The copy you return must match the listing word for word and carry no pictures.

### Exercise materials
▶

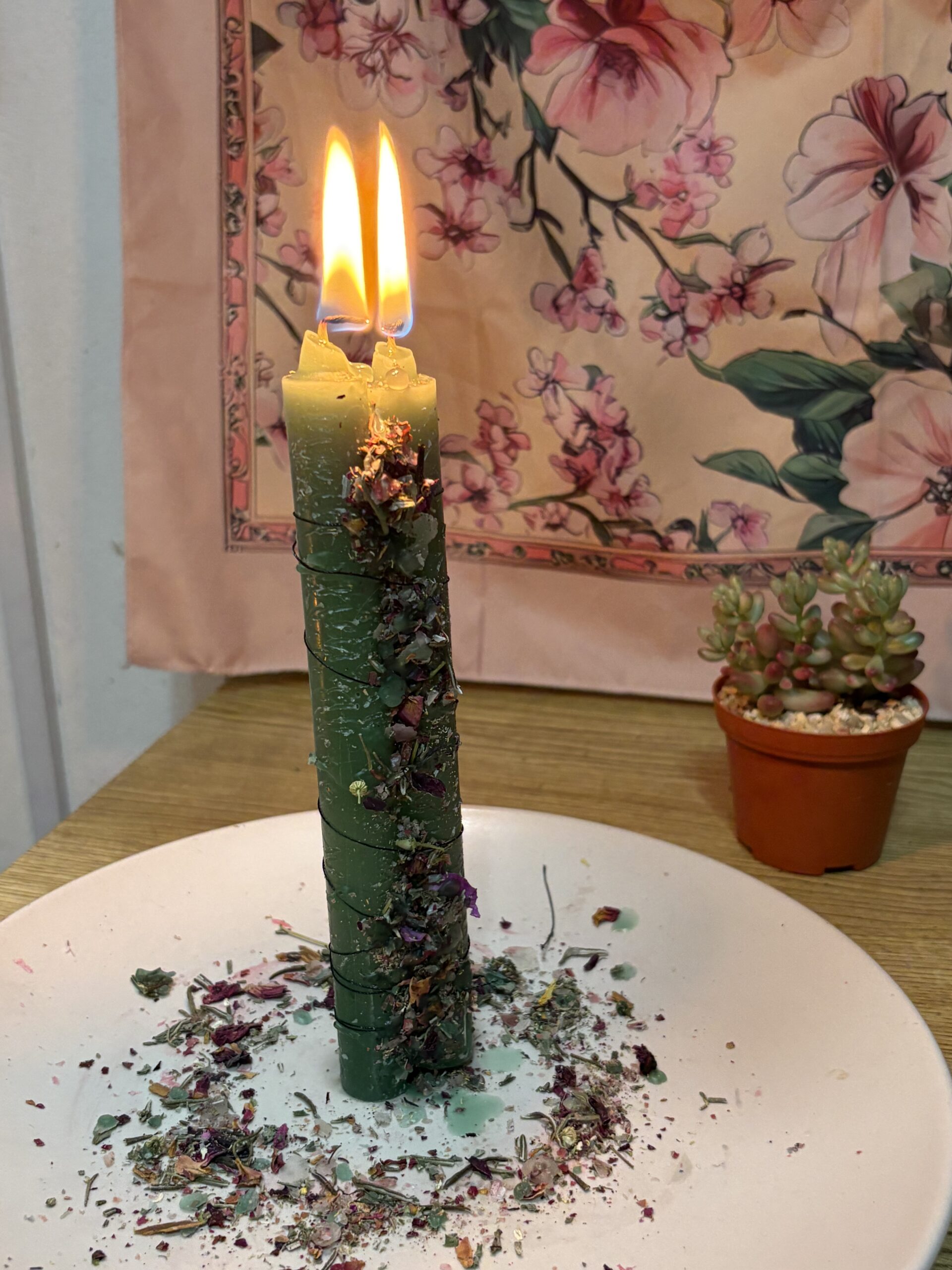 Se hace con dos velas verdes, albahaca, romero, canela, manzanilla, loción abre caminos.
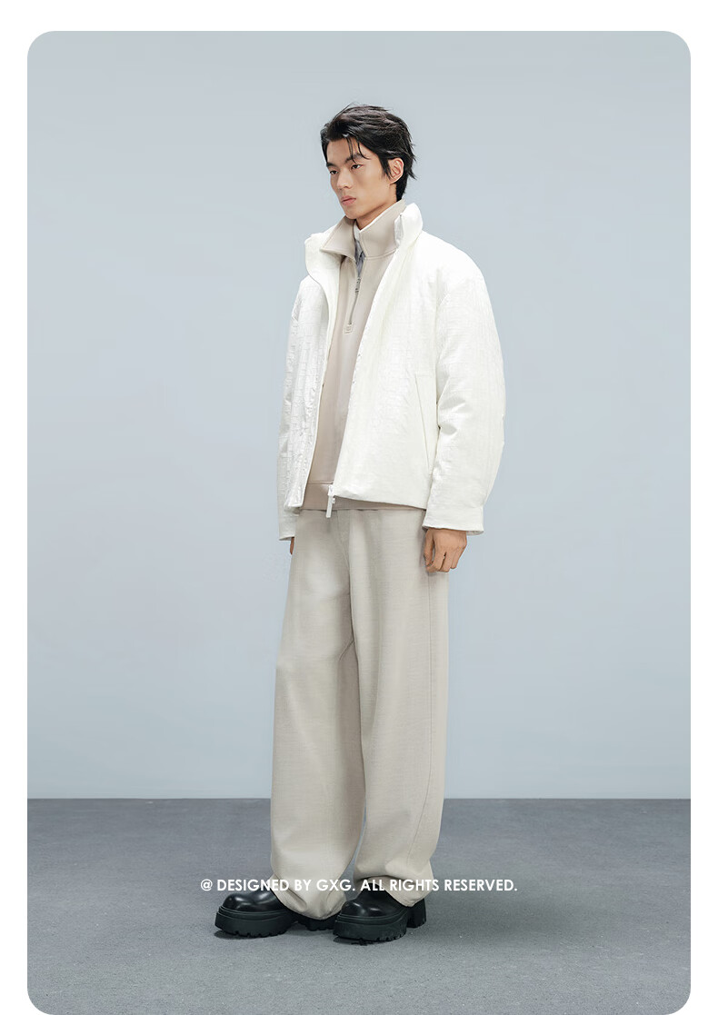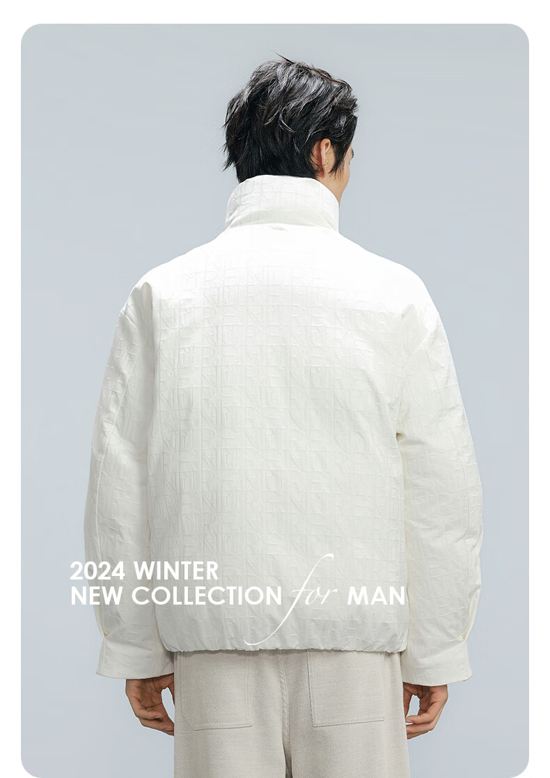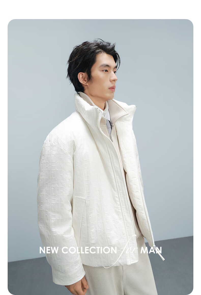GXG男装 商场同款满印提花羽绒服通勤外套 白色 175/L
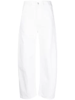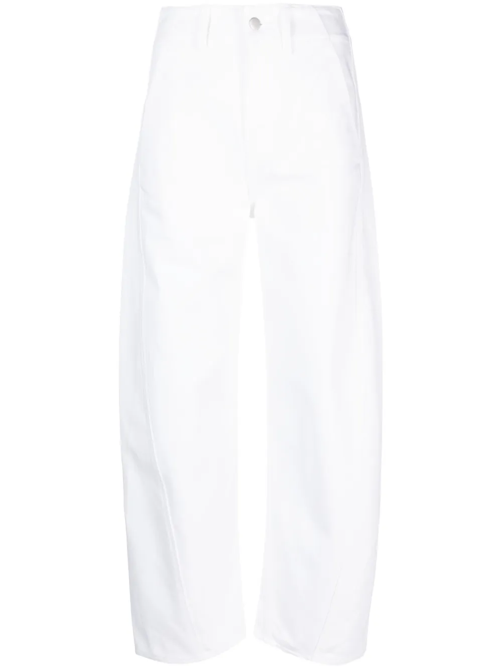 Bianco ottico, misto cotone, passanti, chiusura frontale con bottoni e zip, due tasche laterali a filetto, due tasche posteriori nascoste e taglio straight.
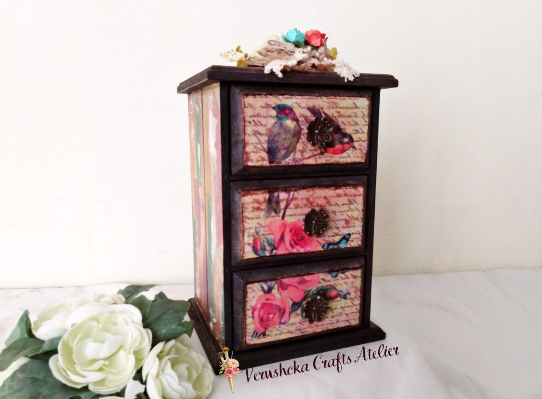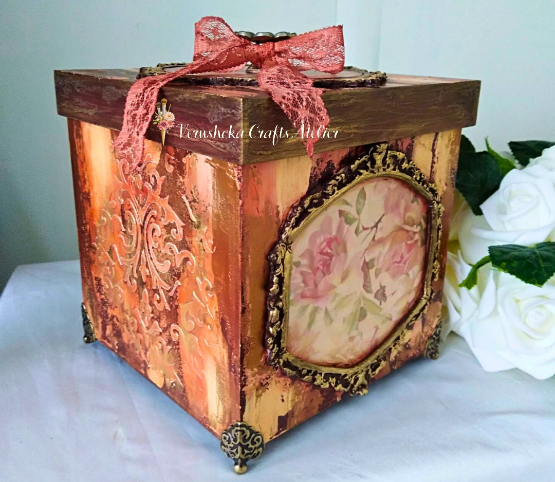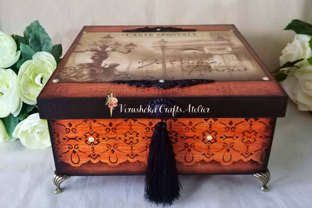 ✓ (envejecidos, sombreados, texturas, relieves y patinas). Son 3 proyectos, un Baúl, una caja cuadrada y una caja libro.
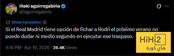 ” إذا أتيحت الفرصة لريال مدريد للتعاقد مع رودري الصيف المقبل ، فلا يمكنهم التردد ولو لثانية واحدة في إتمام هذه الصفقة ” .
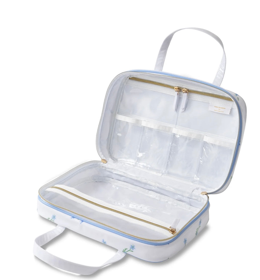 Whether you’re at home or traveling, keep your toiletries organized with this stylish cosmetic case. With a whimsical blue floral motif and a polyvinyl coating, this case is stylish, water-resistant, and easy to clean. The multiple compartments offer ample storage, including a clear zipper pouch on one side and two closed zipper compartments along with four easy-to-access open pockets. A double zip pull closure is featured on the exterior to keep everything neatly contained along with two easy-to-carry handles.
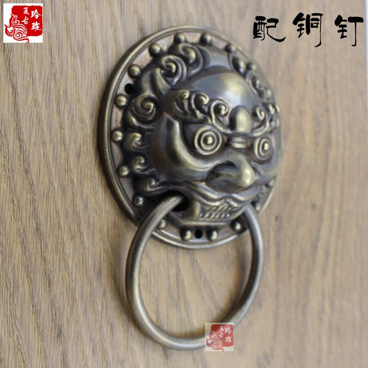 Pure copper handle antique beast head brass pull the lion head door of the beast hustle Chinese gate Kirin ra ring antique copper door
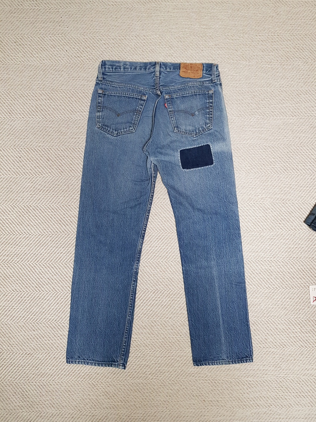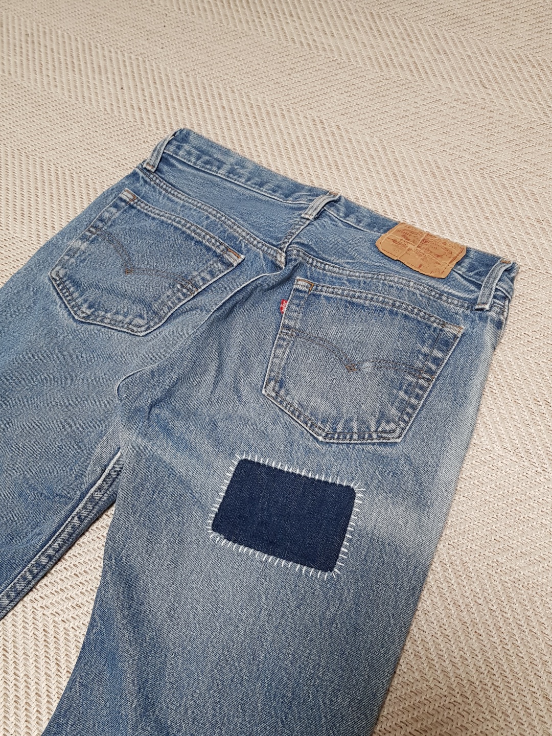 하지만 직장인이라면 물건 하나 사는것도 신중하고 소중한것 아니겠습니다. 거금을들여 구매한 바지를 버릴 순 없다 싶어 커스텀 작업을 해야겠다 생각했습니다!(빈티지 리바이스 좋아하시는 분이라면 필연적으로 빠져드는 패치워크) 물론 제가 한 건 아니고 금손 아내에게 의뢰하였습니다. 의뢰비는 제가 판매하는 옷 중에 맘에 들어 하는 옷 주기. 부부라면 이렇게 서로 윈윈하는 악어와 악어새 같은 관계가 가장 좋은게 아니겠습니까
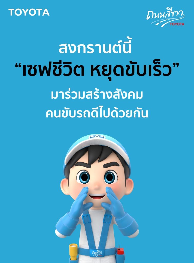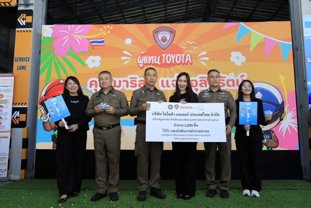 ในช่วงเทศกาลสงกรานต์ปีนี้ โตโยต้าได้ร่วมมือกับ 3 หน่วยงานหลัก ได้แก่ กรมคุมประพฤติกรมป้องกันและบรรเทาสาธารณภัย (ปภ.) และกองบังคับการตำรวจจราจร (บก.จร.) สนับสนุนอุปกรณ์สำหรับกิจกรรมรณรงค์และการตั้งจุดพักรถใน 8 จังหวัดสำคัญทั่วประเทศ ได้แก่ กรุงเทพมหานคร ฉะเชิงเทรา นครราชสีมา ชลบุรี พระนครศรีอยุธยา นครสวรรค์ ราชบุรี และเพชรบุรี โดยมีการมอบยาดมรวม 30,000 ชิ้น เพื่อแจกจ่ายให้ผู้ขับขี่รู้สึกสดชื่น ผ่อนคลายระหว่างการเดินทาง พร้อมเสื้อกั๊กสะท้อนแสงจำนวน 500 ตัว สำหรับอาสาสมัครในพื้นที่ เพื่อเสริมความปลอดภัยตลอดช่วงการเดินทาง

◀

### Response to this exercise
 Se hace con dos velas verdes, albahaca, romero, canela, manzanilla, loción abre caminos.
GXG男装 商场同款满印提花羽绒服通勤外套 白色 175/L
 Bianco ottico, misto cotone, passanti, chiusura frontale con bottoni e zip, due tasche laterali a filetto, due tasche posteriori nascoste e taglio straight.
 ✓ (envejecidos, sombreados, texturas, relieves y patinas). Son 3 proyectos, un Baúl, una caja cuadrada y una caja libro.
 ” إذا أتيحت الفرصة لريال مدريد للتعاقد مع رودري الصيف المقبل ، فلا يمكنهم التردد ولو لثانية واحدة في إتمام هذه الصفقة ” .
 Whether you’re at home or traveling, keep your toiletries organized with this stylish cosmetic case. With a whimsical blue floral motif and a polyvinyl coating, this case is stylish, water-resistant, and easy to clean. The multiple compartments offer ample storage, including a clear zipper pouch on one side and two closed zipper compartments along with four easy-to-access open pockets. A double zip pull closure is featured on the exterior to keep everything neatly contained along with two easy-to-carry handles.
 Pure copper handle antique beast head brass pull the lion head door of the beast hustle Chinese gate Kirin ra ring antique copper door
 하지만 직장인이라면 물건 하나 사는것도 신중하고 소중한것 아니겠습니다. 거금을들여 구매한 바지를 버릴 순 없다 싶어 커스텀 작업을 해야겠다 생각했습니다!(빈티지 리바이스 좋아하시는 분이라면 필연적으로 빠져드는 패치워크) 물론 제가 한 건 아니고 금손 아내에게 의뢰하였습니다. 의뢰비는 제가 판매하는 옷 중에 맘에 들어 하는 옷 주기. 부부라면 이렇게 서로 윈윈하는 악어와 악어새 같은 관계가 가장 좋은게 아니겠습니까
 ในช่วงเทศกาลสงกรานต์ปีนี้ โตโยต้าได้ร่วมมือกับ 3 หน่วยงานหลัก ได้แก่ กรมคุมประพฤติกรมป้องกันและบรรเทาสาธารณภัย (ปภ.) และกองบังคับการตำรวจจราจร (บก.จร.) สนับสนุนอุปกรณ์สำหรับกิจกรรมรณรงค์และการตั้งจุดพักรถใน 8 จังหวัดสำคัญทั่วประเทศ ได้แก่ กรุงเทพมหานคร ฉะเชิงเทรา นครราชสีมา ชลบุรี พระนครศรีอยุธยา นครสวรรค์ ราชบุรี และเพชรบุรี โดยมีการมอบยาดมรวม 30,000 ชิ้น เพื่อแจกจ่ายให้ผู้ขับขี่รู้สึกสดชื่น ผ่อนคลายระหว่างการเดินทาง พร้อมเสื้อกั๊กสะท้อนแสงจำนวน 500 ตัว สำหรับอาสาสมัครในพื้นที่ เพื่อเสริมความปลอดภัยตลอดช่วงการเดินทาง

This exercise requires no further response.